I spent every summer in my hometown of Clarksville, Tennessee, with my beloved grandparents. My grandfather, John Matthews, was a man deeply respected in his community. I thought he was just another man with apple and peach orchards until I was about 10, when I discovered that "Mr. John" had been a beloved teacher, principal, and superintendent of schools. I was in college when I discovered that my darling Papa had been the superintendent during segregation, and had given deep respect and love to the black students as he did the white students. (On a historical note, my mother attended Wilma Rudolph's basketball games as a child, because she went with her father, who was superintendent at the time. If you don't know who Wilma Rudolph is, please look her up.) And while all these things were amazing to me, especially as someone who became an educator, it was his treatment of all people who came to pick up apples and peaches during those childhood summers, his respect and sense of value for everyone, regardless of race or the ability to pay...it was this legacy that made me proudest.  That he raised children in the heart of the South without prejudice and with love and respect for all people...nothing short of miraculous. 

And, of course, there is my own father. His life is a tale of hard work, discipline, and being the hands and feet of Jesus in the marketplace. He has commanded respect in business and church circles my whole life, but to me, he was just Daddy. As I grew older, and I began to know and understand the things that were non-negotiables in his life--an incredible sense of ethics and morals that were intertwined with his love of business and played out in practical ways every day--I made it my goal to also be that kind of person: willing to do the right things even when they are the hard things. I saw him make choices again and again that were for the good of others--those who worked under him or his family or his church--and often, those choices were not the popular and certainly not the easiest ones. My Daddy and my Papa: they are and were Atticus. I know what it is to be Scout--to love and be loved by remarkable, upstanding men, to stand with others because my "Daddy is passing." (Yes, my favorite line of the entire book. I cried typing it.) Yes, it is this above all else that makes me love TKAM.

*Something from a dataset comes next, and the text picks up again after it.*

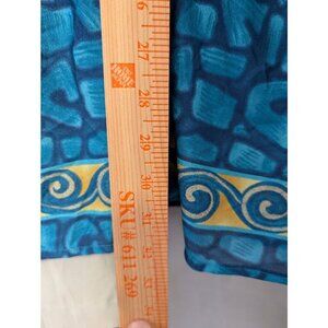Tara Grinna Blouse Blue Shirt Geometric Short Sleeve Button Hawaii Women's Large
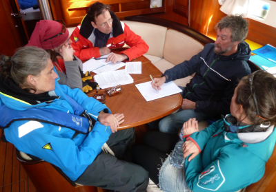 Wettermässig war vieles gegeben, Flaute bis Starkwind in Böjen bis 7 Bft, verschiedenste Wolkenformationen, die vielfach erörtert werden konnten im Rahmen der vorbereiteten wetterkundlichen Theorie. Auch das Thema Kommunikation an Bord war in Theorie und Praxis genauso gefragt wie das Funken (bei den Marinas war eine vorherige Anmeldung der Einfahrt über Funk Pflicht, das Unterlassen hat uns einmal einen heftigen Rüffel der Hafenmeisterin eingehandelt), die Motortechnik oder das Ankern.

It is no secret that I love books. And I love many books with which I don't identify--because of their craft, their nuance, the stories they tell. But this book reminds me how proud I am of my much-loved  father and grandfather, of being from the South and all that entails and means to me personally, of those things my parents worked so hard to instill in us--love of God, of family, of others. Non-negotiables. Absolute truth in an age when many believe it doesn't exist. So thank you, Miss Lee, for this incredible book that has so touched my life and millions and millions of others. No matter what this new book has for us, TKAM has created  a world in which we can remember what it is to climb into someone else's shoes and walk around in them for a while. That there's really only one kind of folks. Folks. And that, dear lady, is a joy and a privilege. Thank you.